How to complete this task =
Before you return the lines below, strip out any images and keep every word as written.

Data extract =
Start of Block

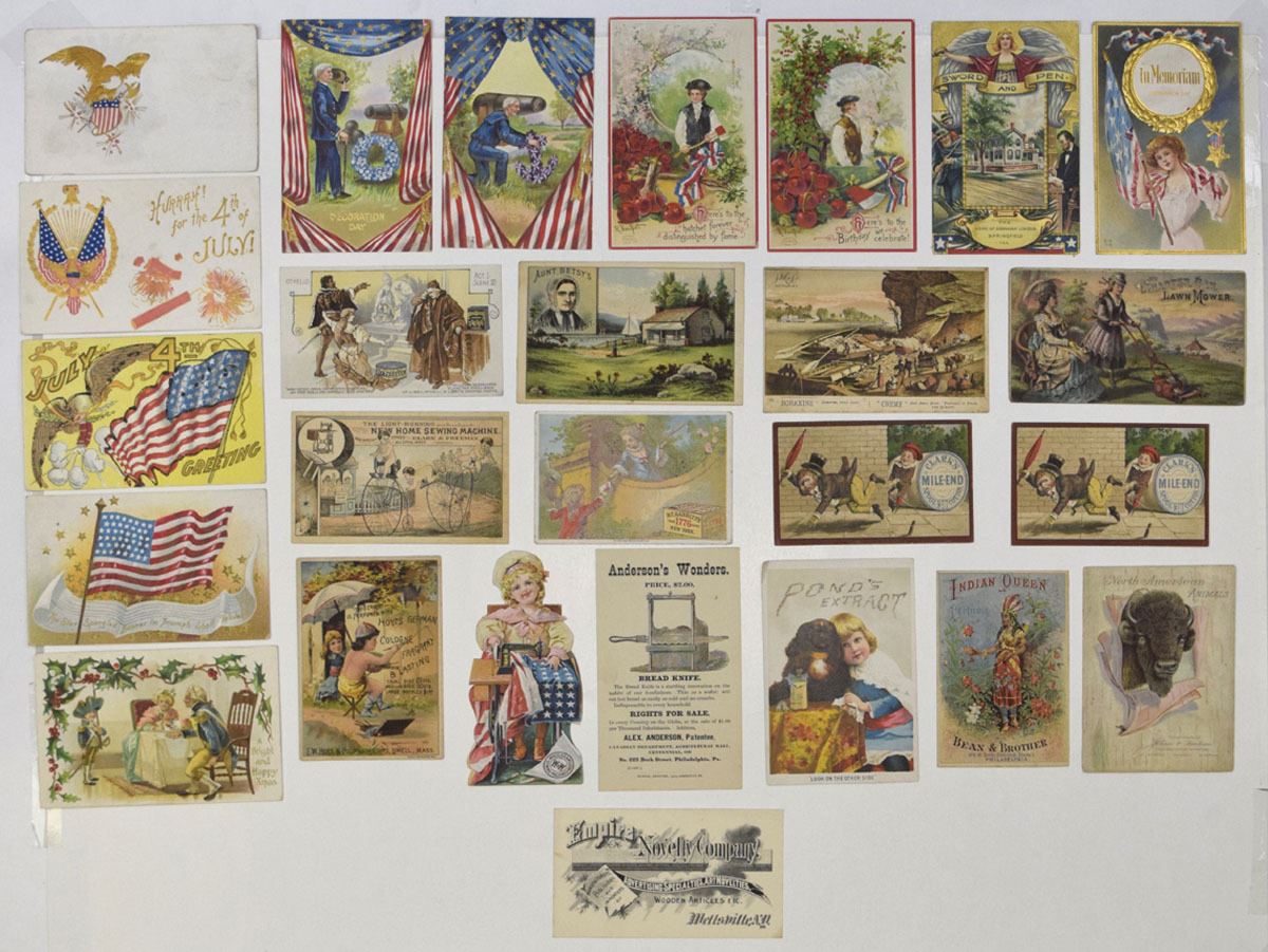 Lot of 26 trade Cards and Post Cards, Trade cards include cigarettes, cigars, canned meats, creams, lotions, and other product advertisements; Post Cards include Patriotic Themes on front, Cards are in full color and range from VF to Mint condition. (26). Sold "AS IS" no returns accepted.
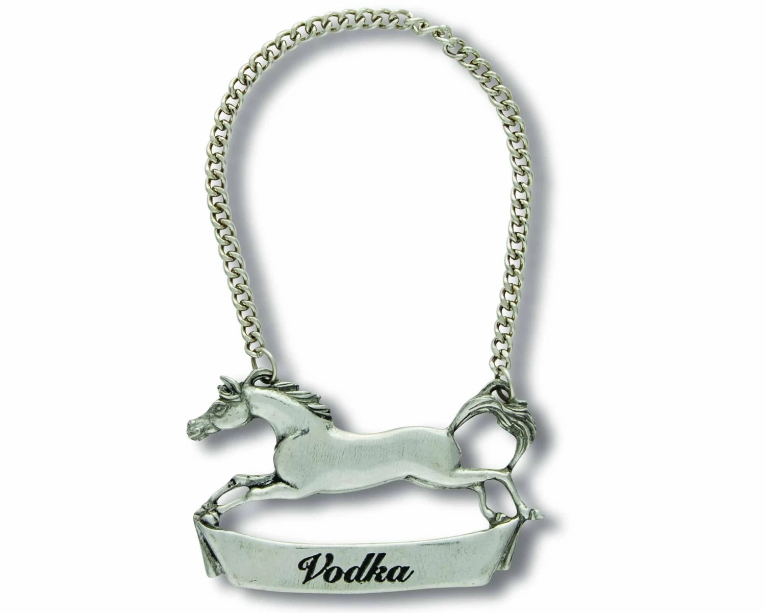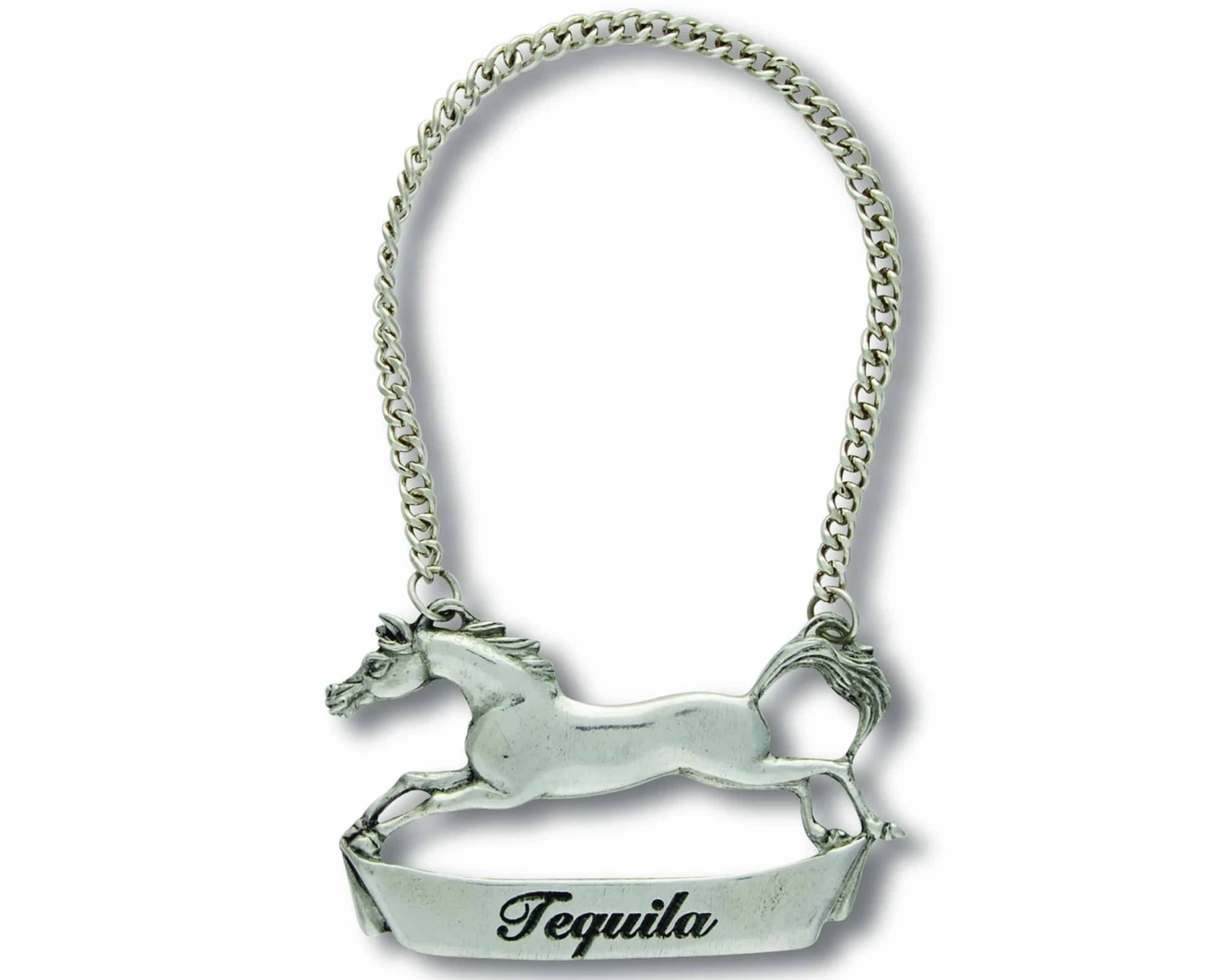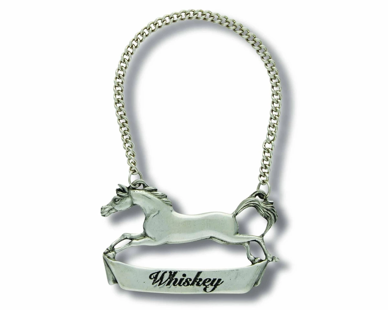 We love horses here at Vagabond House, and our vintage inspired, equestrian themed pewter decanter tags set the theme for the bar at our corporate headquarters. Our Galloping Steed Decanter Tags feature a cut out design of a galloping steed above a banner inscribed with the liquor name of your choice in an elegant, script. Choose from seven spirit names: Bourbon, Gin, Rum, Scotch, Tequila, Vodka or Whiskey.
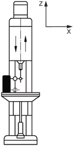 Примечания и ссылки на ISO 230-1:2012, 12.4.1 и 12.4.8 Проверку перпендикулярности следует проводить сначала со столом в верхнем положении 1, а затем в нижнем положении 2. Шпиндельная головка и стол зафиксированы. |

End of Block

Result below =
 Lot of 26 trade Cards and Post Cards, Trade cards include cigarettes, cigars, canned meats, creams, lotions, and other product advertisements; Post Cards include Patriotic Themes on front, Cards are in full color and range from VF to Mint condition. (26). Sold "AS IS" no returns accepted.
 We love horses here at Vagabond House, and our vintage inspired, equestrian themed pewter decanter tags set the theme for the bar at our corporate headquarters. Our Galloping Steed Decanter Tags feature a cut out design of a galloping steed above a banner inscribed with the liquor name of your choice in an elegant, script. Choose from seven spirit names: Bourbon, Gin, Rum, Scotch, Tequila, Vodka or Whiskey.
 Примечания и ссылки на ISO 230-1:2012, 12.4.1 и 12.4.8 Проверку перпендикулярности следует проводить сначала со столом в верхнем положении 1, а затем в нижнем положении 2. Шпиндельная головка и стол зафиксированы. |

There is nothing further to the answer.